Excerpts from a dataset
= = = = = = =
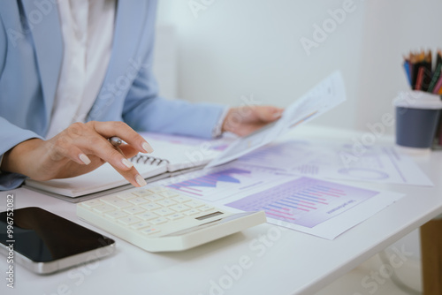 Confident Asian businesswoman in modern office smiling while working on laptop, analyzing reports, planning marketing strategies and leading with energy and positivity.
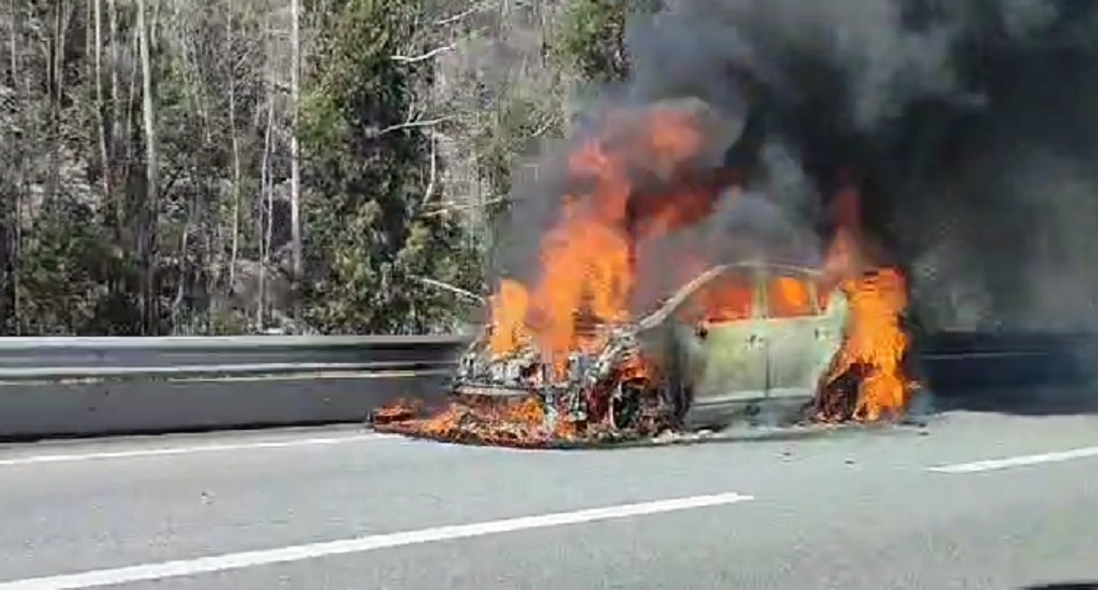 Um carro foi totalmente consumido pelas chamas durante a tarde deste domingo na A28, sentido Sul/Norte, em Lanhelas, Caminha.
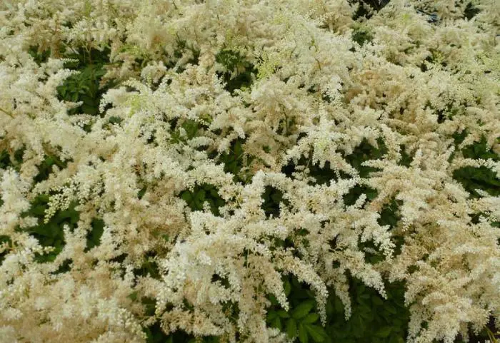 Vanaf juni bloeien de witte tot ivoorwitte bloemen verzameld in korte, goed vertakte en dichte pluimen.
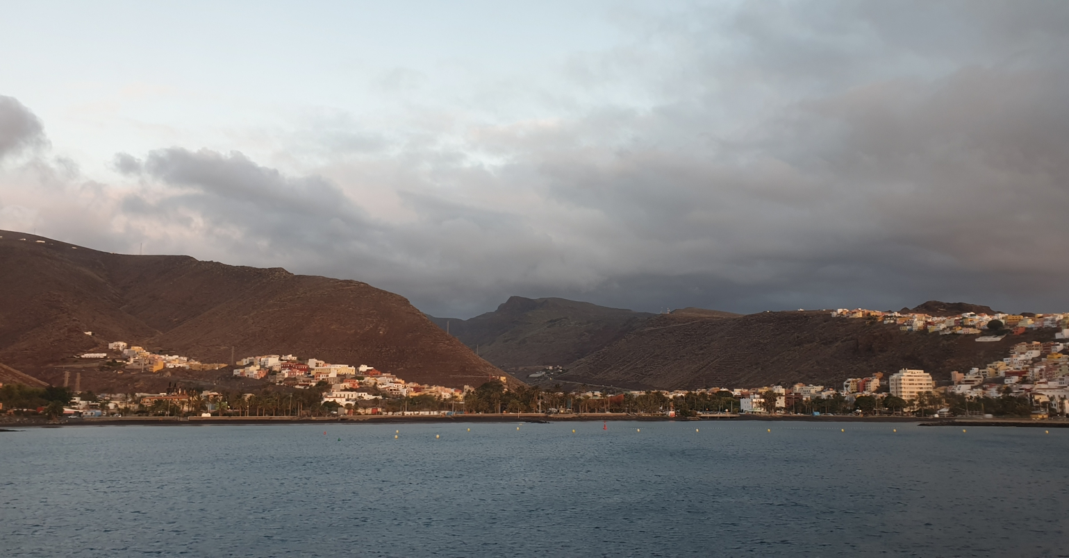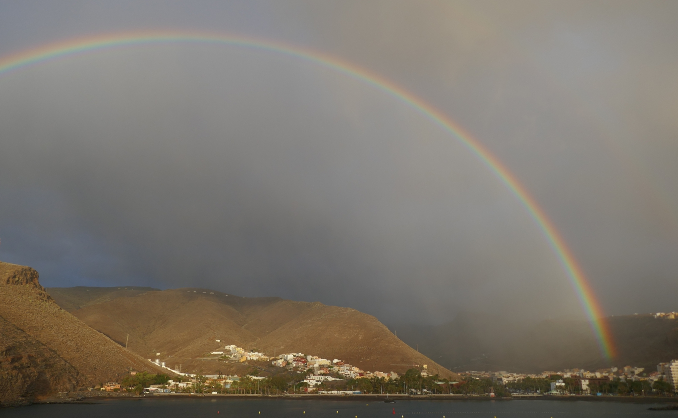 Früh am Morgen kommen wir mit dem Schiff in San Sebastian an. Die Sonne geht auf, der Himmel zeigt sich über La Gomera blau mit einem Mix von Wolken in allen weiß-grau-Schattierungen. Es regnet leicht – und die Insel empfängt uns mit einem intensiv farbigen, bombastischen und gleich doppelten Regenbogen, der untere Bogen intensiv, der obere nur leicht schimmernd, so groß und nah, dass er mit dem Foto nicht mal ganz einzufangen ist.
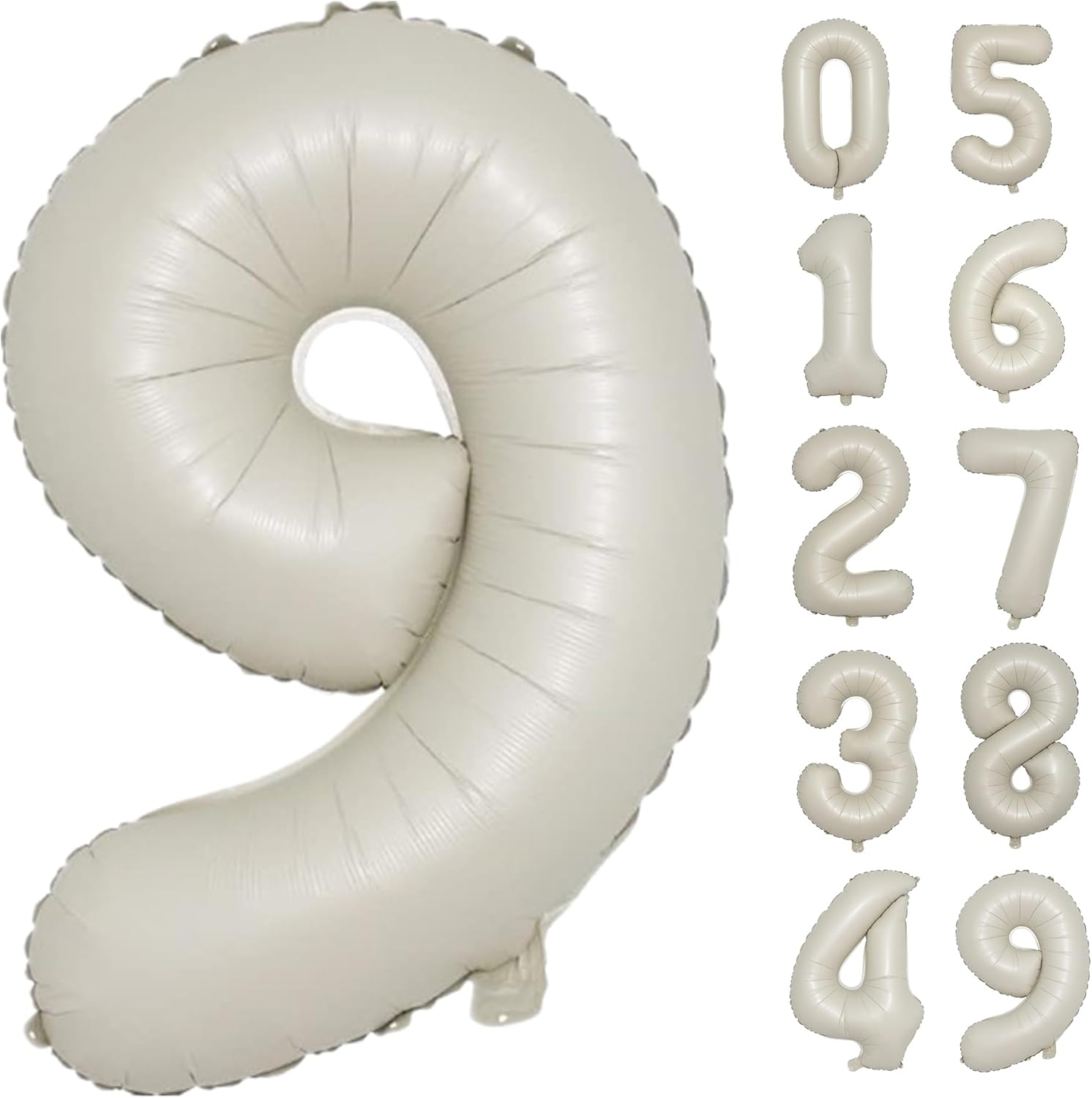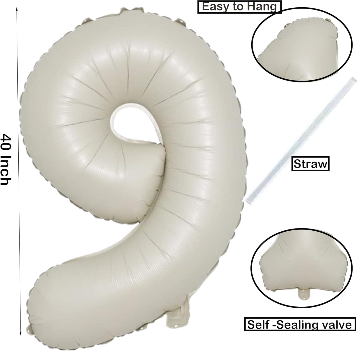 40 Inch Cream White Number 9 Balloon Mylar Big Foil Helium Number 19 29 39 49 59 69 79 89 99 Balloon for Party,Digital 9th Birthday Party Wedding Decorations, Boy Baby Shower Decorations
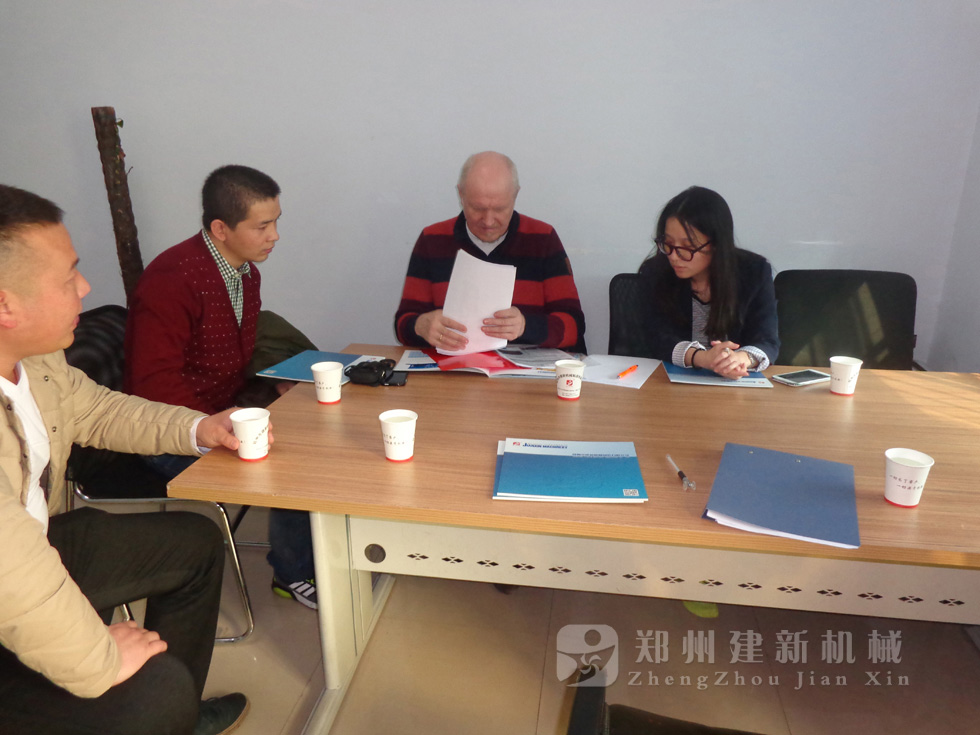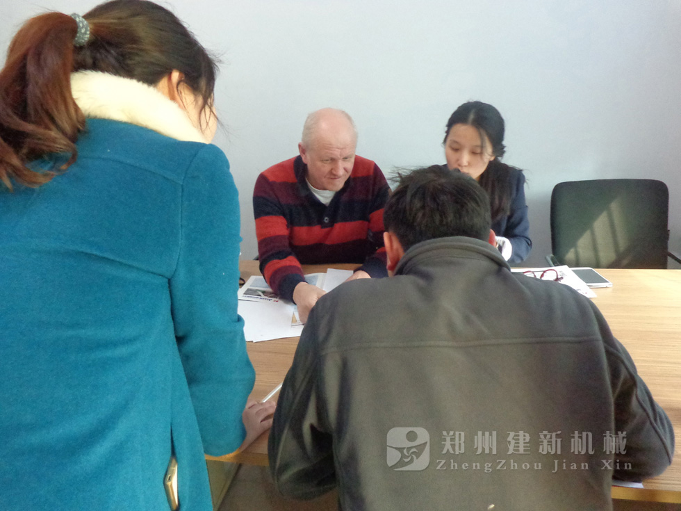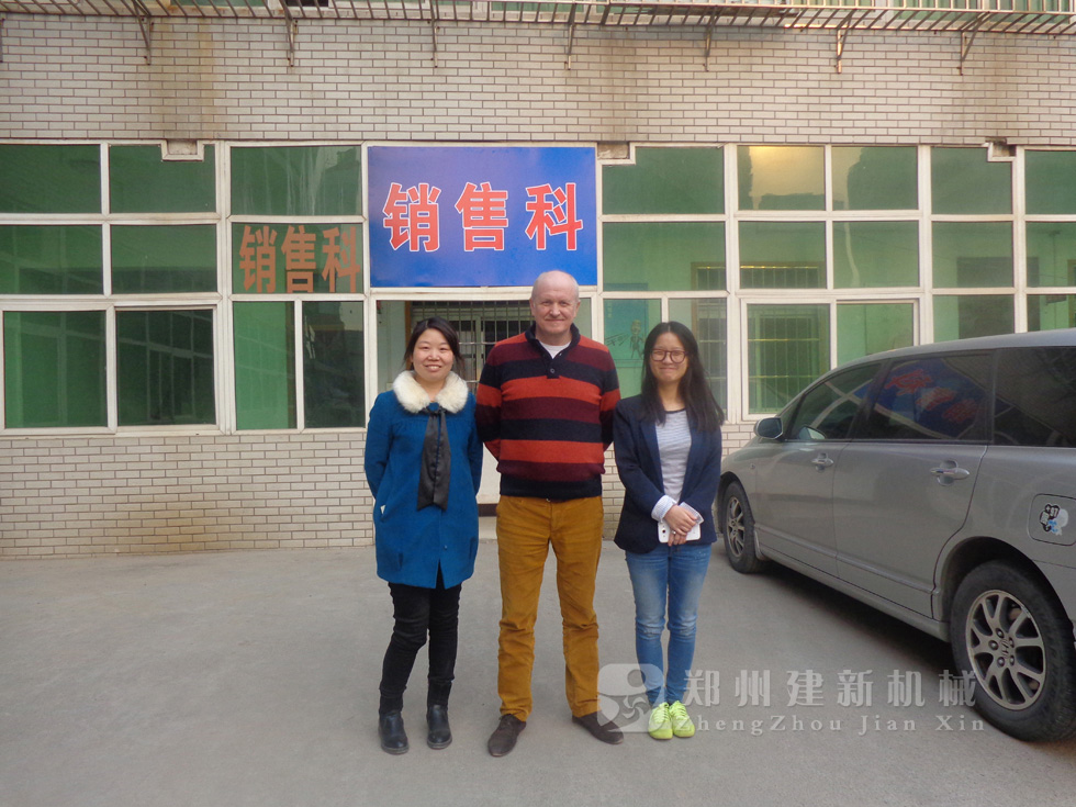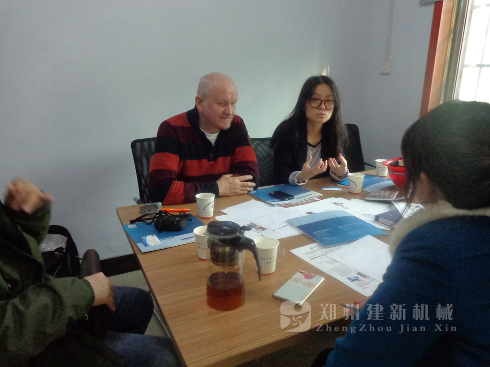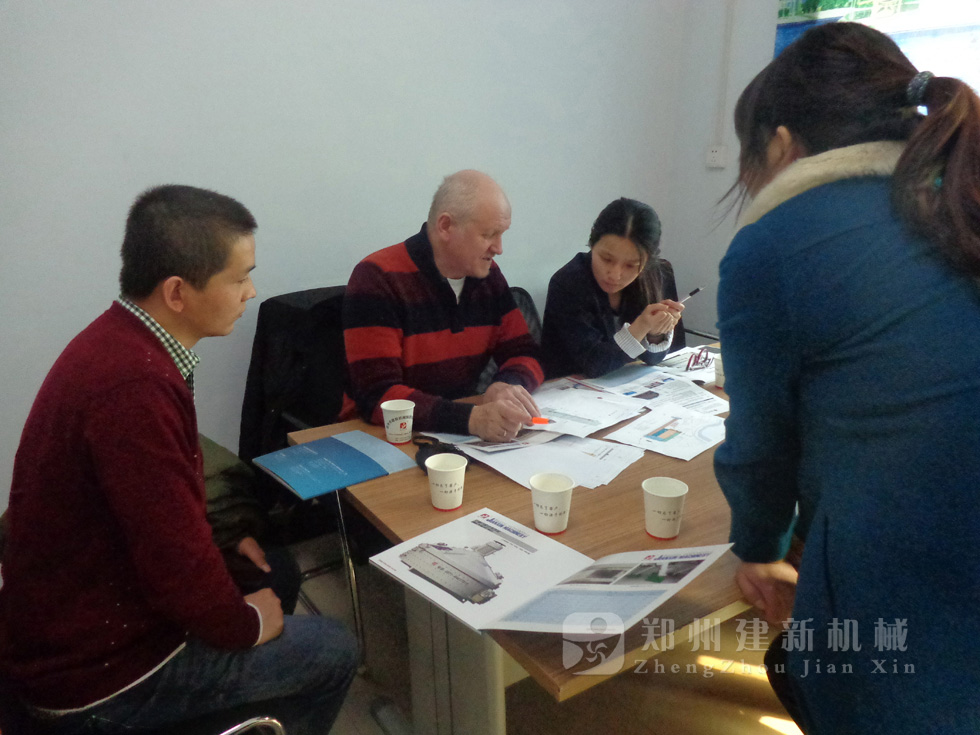 2014年11月,來自俄羅斯的客戶來到鄭州建新公司簽訂了兩套時產(chǎn)120方混凝土攪拌站設備的大訂單,下圖為建新公司銷售部劉經(jīng)理、經(jīng)理帶客戶參觀建新公司的生產(chǎn)車間及成品貨場。
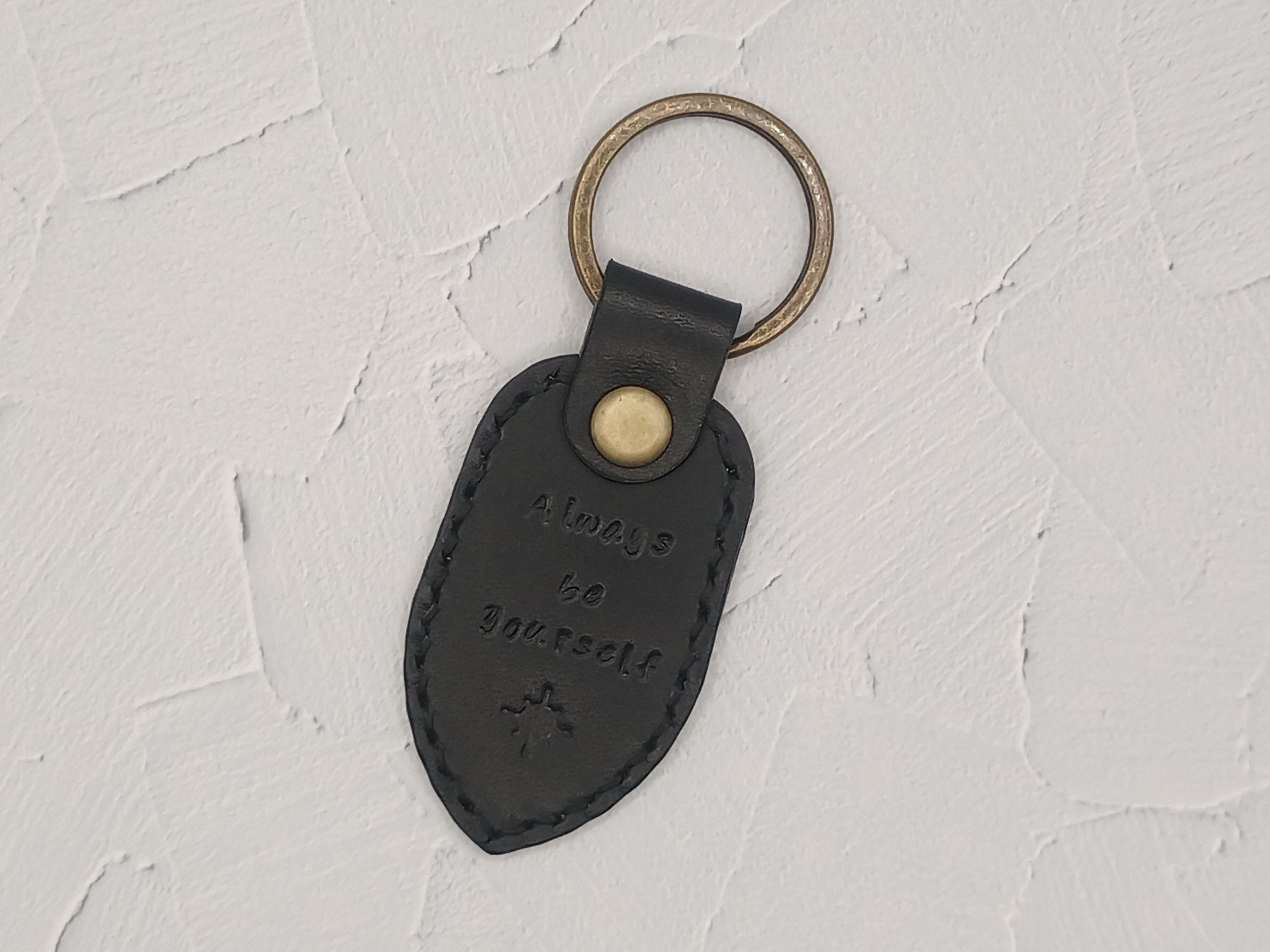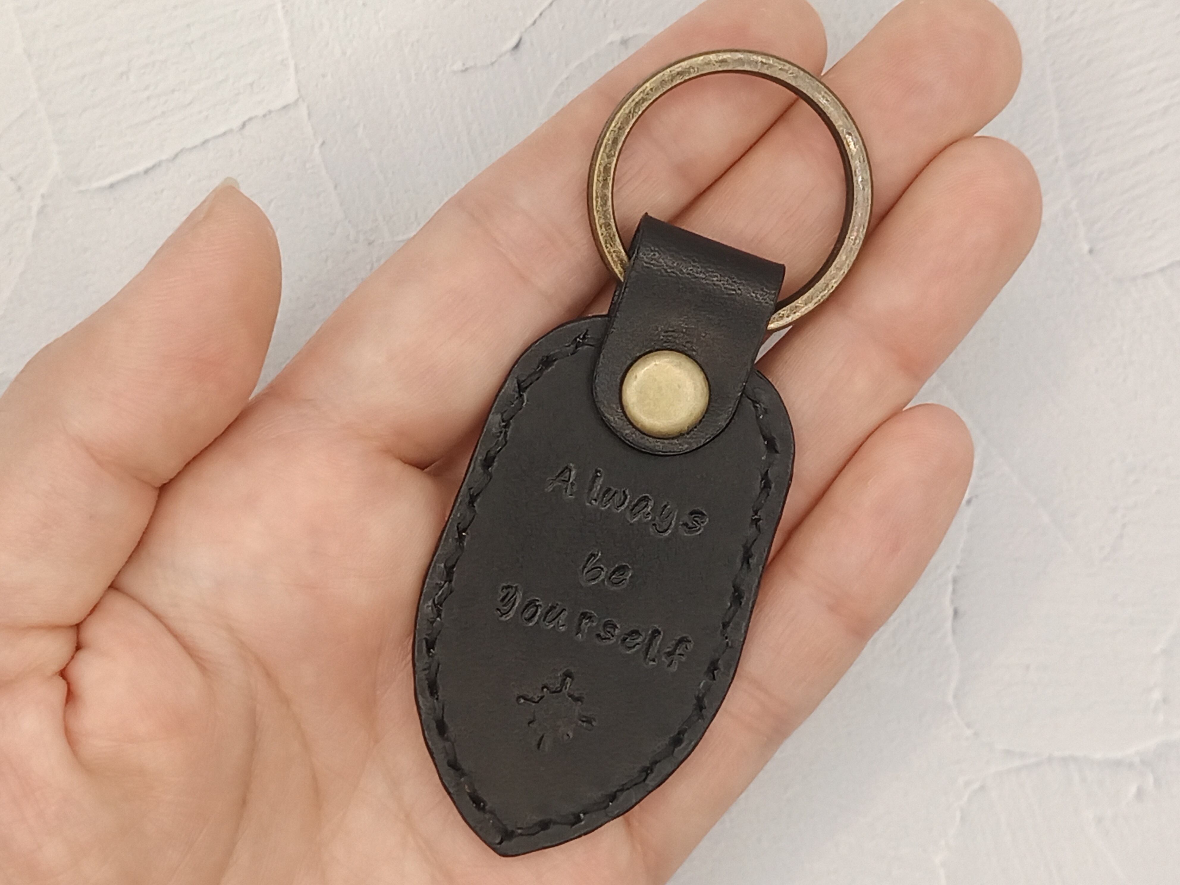 本革を使用したメッセージ刻印のキーホルダーです。意味は「あなたはいつもあなたらしく」
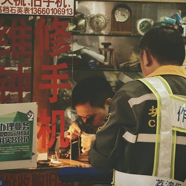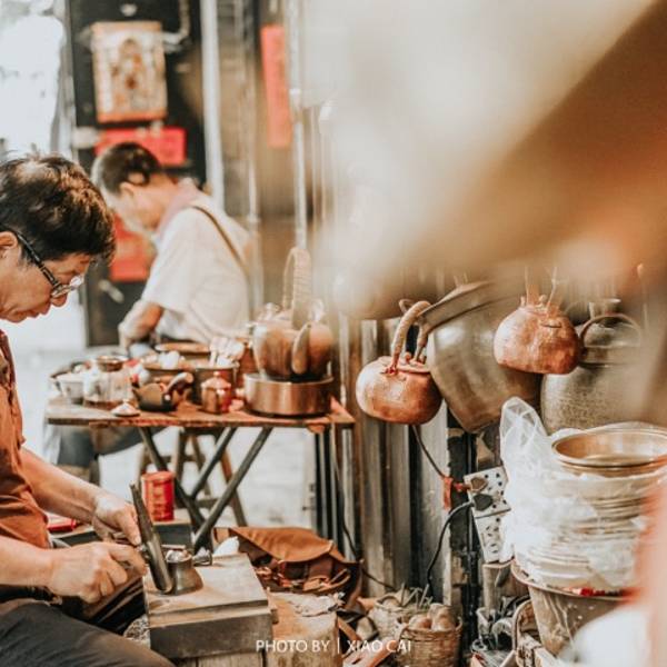 在旁边呆了一会,陆陆续续有一些人来店里拍照的,苏伯也没咋介意,只是依旧打着铜器,和边上的好友聊着天喝着茶,放佛已经习惯了游客的来来往往。
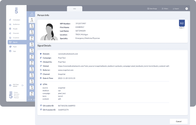 Having Professional, Personal and Household level data allows us to “talk to” and match doctors to their consumer personas on ad networks and channels.
= = = = = = =
Except for the pictures, copy every line of the records above exactly.

**Solution**
 Confident Asian businesswoman in modern office smiling while working on laptop, analyzing reports, planning marketing strategies and leading with energy and positivity.
 Um carro foi totalmente consumido pelas chamas durante a tarde deste domingo na A28, sentido Sul/Norte, em Lanhelas, Caminha.
 Vanaf juni bloeien de witte tot ivoorwitte bloemen verzameld in korte, goed vertakte en dichte pluimen.
 Früh am Morgen kommen wir mit dem Schiff in San Sebastian an. Die Sonne geht auf, der Himmel zeigt sich über La Gomera blau mit einem Mix von Wolken in allen weiß-grau-Schattierungen. Es regnet leicht – und die Insel empfängt uns mit einem intensiv farbigen, bombastischen und gleich doppelten Regenbogen, der untere Bogen intensiv, der obere nur leicht schimmernd, so groß und nah, dass er mit dem Foto nicht mal ganz einzufangen ist.
 40 Inch Cream White Number 9 Balloon Mylar Big Foil Helium Number 19 29 39 49 59 69 79 89 99 Balloon for Party,Digital 9th Birthday Party Wedding Decorations, Boy Baby Shower Decorations
 2014年11月,來自俄羅斯的客戶來到鄭州建新公司簽訂了兩套時產(chǎn)120方混凝土攪拌站設備的大訂單,下圖為建新公司銷售部劉經(jīng)理、經(jīng)理帶客戶參觀建新公司的生產(chǎn)車間及成品貨場。
 本革を使用したメッセージ刻印のキーホルダーです。意味は「あなたはいつもあなたらしく」
 在旁边呆了一会,陆陆续续有一些人来店里拍照的,苏伯也没咋介意,只是依旧打着铜器,和边上的好友聊着天喝着茶,放佛已经习惯了游客的来来往往。
 Having Professional, Personal and Household level data allows us to “talk to” and match doctors to their consumer personas on ad networks and channels.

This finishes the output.